ImageBind
ImageBind copied to clipboard
help with embedding arithmetic and image retrieval
Hi, Thanks for your great work. I am interested in the embedding arithmetic and image retrieval, as the example shown in Figure 4 of the paper.
In the paper, the embedding arithmetic is described as follows:
For arithmetic, we again use the
embedding features after temperature scaling.
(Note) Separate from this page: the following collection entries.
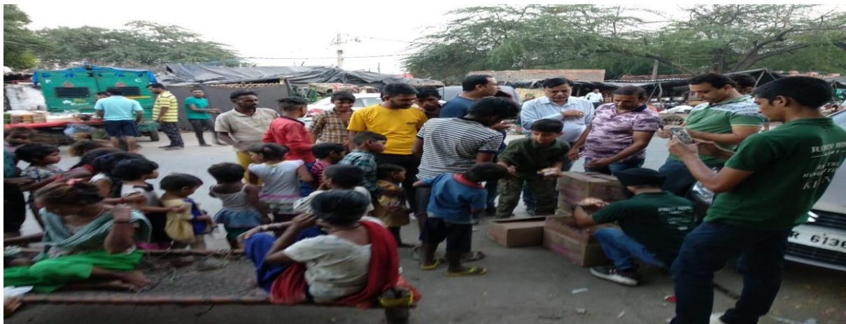
Children waiting for their turn
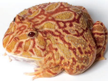
· Blood Red line

Strawberry Horned Frog have two distinct bloodlines. One is the Blood Red Strawberry, characterized by deep, blood-red dorsal striping with striking contrast. The other is the Orange Strawberry, featuring a uniform orange-red body coloration that offers a softer yet equally eye-catching appearance.
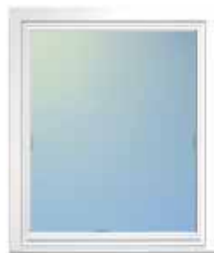
Closed position, exterior view standard timber
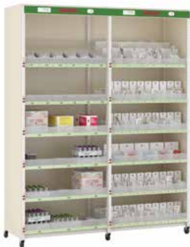
Beacon ® High Density Storage Drawers
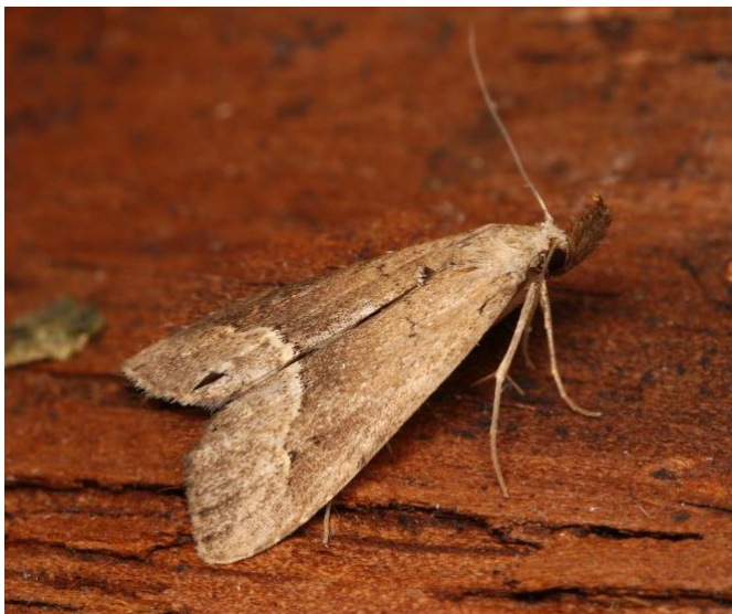
06. White-line Snout Schrankia taenialis . Oliver Wadsworth

Oliver Wadsworth had a White-line Snout Schrankia taenialis (Hubner) (06) come to actinic light at Blackhouse Wood SO73375180 on 5/8/16, which is likely to be an overlooked resident. There are some records for southern Herefordshire and this record seems to be an extension of those.
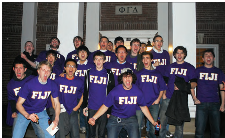
Pledges show their excitement about joining Lambda Chapter on Bid Night.

FIJI’s 2012 pledge class is a well-rounded group of individuals. Over the next four years, they will continue to uphold the long-standing tradition of excellence in Phi Gamma Delta. It is the honor on behalf of the 2012 pledge class to be welcomed to the brotherhood of the Lambda Chapter of Phi Gamma Delta.
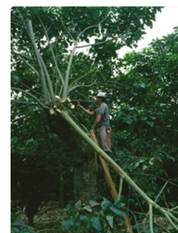
Pollarding; pruning 1-year regrowth from mature trees
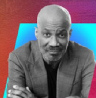
BISHOP NOEL JONES NCSO DIOCESAN

LOCATION - CHRIST TEMPLE 9000 LA RIVIERA DR, SACRAMENTO, CALIFORNIA 95826
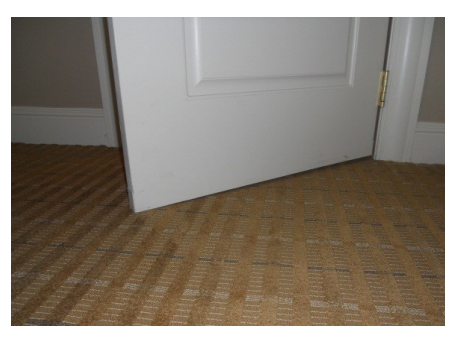
FIGURE 5. A HEAVED FLOOR SLAB HAS RESULTED IN A DOOR THAT CANNOT FULLY OPEN.

Symptoms of slab heaving (often mistaken for settlement) include sloping walking surfaces; cracks and offsets in slabs; cracked, buckled, and crushed drywall; binding doors; and separating or crushed millwork. Effectively managing the symptoms (e.g., grinding slabs, adjusting and under-cutting doors, repairing finishes) is almost always an iterative and disruptive process that ultimately accumulates significant effort and costs. Addressing the cause to prevent future heave requires a one-time project to demolish and reconstruct the slab-on-grade (which, by proximity, necessitates the removal and
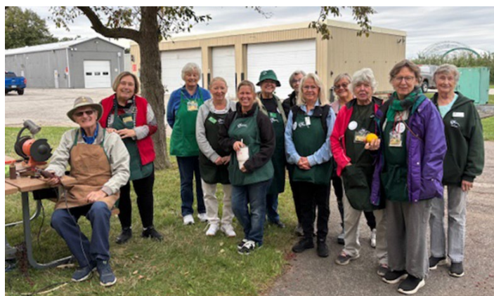
A good group of volunteers helped man the tables on the day of the plant sale and with the set up the day before

The event is always well attended, usually with a lineup outside before doors open. It is the largest fundraising event for the Niagara MGs each year.
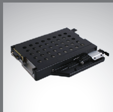
Multimedia Bay 2 nd Storage
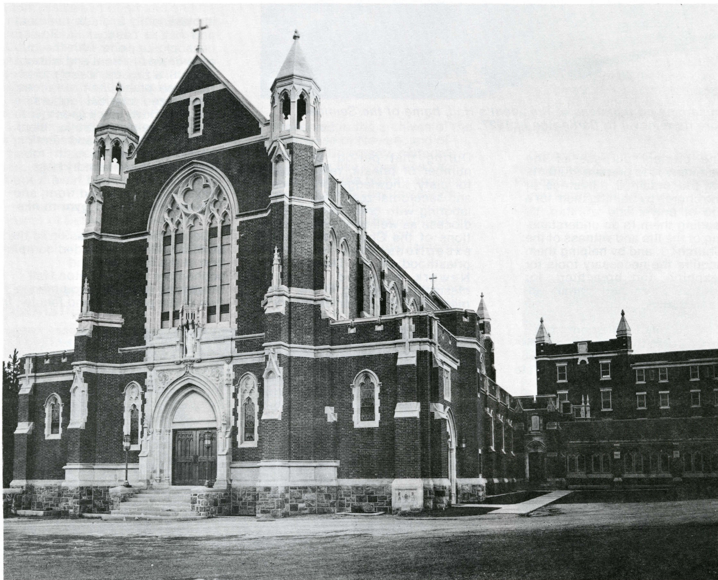
Chapel of Christ the King on the campus of Immaculate Conception Seminary, Darlington.

We ℓ2 normalize the features and sum the embeddings after scaling
them by 0.5. We use the combined feature to perform nearest neighbor retrieval using cosine distance, as described
above.
To obtain the embedding features after temperature scaling
can I just use the following code?:
########## - step 1 - ##########
# Load data
inputs = {
ModalityType.TEXT: data.load_and_transform_text(text_list, device),
ModalityType.VISION: data.load_and_transform_vision_data(image_paths, device),
ModalityType.AUDIO: data.load_and_transform_audio_data(audio_paths, device),
}
with torch.no_grad():
embeddings = model(inputs)
which applies normalization and temperature scaling for each modality (with except for the image modality where it only applies normalization) or should I modify the way the embeddings are returned by removing the normalization part and only do temperature scaling? https://github.com/facebookresearch/ImageBind/blob/38a9132636f6ca2acdd6bb3d3c10be5859488f59/models/imagebind_model.py#LL422C1-L424C10
After obtaining the embedding features after temperature scaling
, do I need to apply another ℓ2 normalization
, something like:
########## - step 2 - ##########
img_embedding = embeddings[ModalityType.VISION]
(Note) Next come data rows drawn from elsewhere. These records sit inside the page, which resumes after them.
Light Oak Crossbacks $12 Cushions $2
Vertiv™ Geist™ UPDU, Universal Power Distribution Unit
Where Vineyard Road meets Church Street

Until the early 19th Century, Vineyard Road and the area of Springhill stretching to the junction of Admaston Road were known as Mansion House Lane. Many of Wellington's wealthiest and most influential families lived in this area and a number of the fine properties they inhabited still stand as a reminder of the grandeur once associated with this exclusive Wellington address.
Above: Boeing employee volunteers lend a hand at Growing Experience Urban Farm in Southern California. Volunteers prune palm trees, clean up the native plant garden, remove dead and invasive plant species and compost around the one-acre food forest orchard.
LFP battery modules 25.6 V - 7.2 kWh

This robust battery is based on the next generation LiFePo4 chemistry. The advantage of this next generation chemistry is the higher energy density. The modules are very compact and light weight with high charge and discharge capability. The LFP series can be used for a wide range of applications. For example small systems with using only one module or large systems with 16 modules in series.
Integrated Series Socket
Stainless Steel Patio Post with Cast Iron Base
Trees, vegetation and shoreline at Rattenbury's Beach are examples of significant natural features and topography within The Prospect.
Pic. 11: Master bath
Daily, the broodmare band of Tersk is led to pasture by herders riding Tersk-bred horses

txt_embedding = embeddings[ModalityType.TEXT]
img_embedding = img_embedding / torch.norm(img_embedding, dim=-1, keepdim=True)
txt_embedding = txt_embedding / torch.norm(txt_embedding, dim=-1, keepdim=True)
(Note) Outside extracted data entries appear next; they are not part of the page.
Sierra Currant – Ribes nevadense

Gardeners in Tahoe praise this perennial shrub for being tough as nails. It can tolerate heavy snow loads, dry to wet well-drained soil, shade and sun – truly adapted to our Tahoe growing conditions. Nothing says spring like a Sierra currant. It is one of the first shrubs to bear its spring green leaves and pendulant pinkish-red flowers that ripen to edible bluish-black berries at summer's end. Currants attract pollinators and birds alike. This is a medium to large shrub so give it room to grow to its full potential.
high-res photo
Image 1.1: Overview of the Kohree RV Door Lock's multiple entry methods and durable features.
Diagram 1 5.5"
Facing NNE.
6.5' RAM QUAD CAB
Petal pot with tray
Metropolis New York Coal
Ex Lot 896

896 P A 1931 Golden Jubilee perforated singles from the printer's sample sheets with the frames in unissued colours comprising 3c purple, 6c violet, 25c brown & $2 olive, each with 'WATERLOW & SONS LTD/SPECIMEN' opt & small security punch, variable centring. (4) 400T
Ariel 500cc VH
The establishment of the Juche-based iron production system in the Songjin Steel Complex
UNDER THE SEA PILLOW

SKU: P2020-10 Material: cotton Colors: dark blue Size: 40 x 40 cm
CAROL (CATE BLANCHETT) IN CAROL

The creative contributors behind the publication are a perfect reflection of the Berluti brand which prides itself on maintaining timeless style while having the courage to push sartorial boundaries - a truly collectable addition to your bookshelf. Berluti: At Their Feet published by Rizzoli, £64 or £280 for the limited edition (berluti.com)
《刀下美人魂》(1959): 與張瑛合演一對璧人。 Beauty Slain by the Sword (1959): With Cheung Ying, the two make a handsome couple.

and then combine the embeddings of the two modalities?:
combined_embs = 0.5* img_embedding + 0.5* txt_embedding
Then, I just use the combined_embs
and compute the cosine similarity with the embeddings of a set of images (extracted with step-1) that I want to retrieve images from?
I apologize for the long post. I greatly appreciate any tips and advice on how to approach this issue.
Many thanks!
I would also like to hear the authors opinion on this.
Same here
@gorjanradevski , @SenmiaoORZ did you guys have perhaps any new insights regarding this? I'm still curious about it. thank you.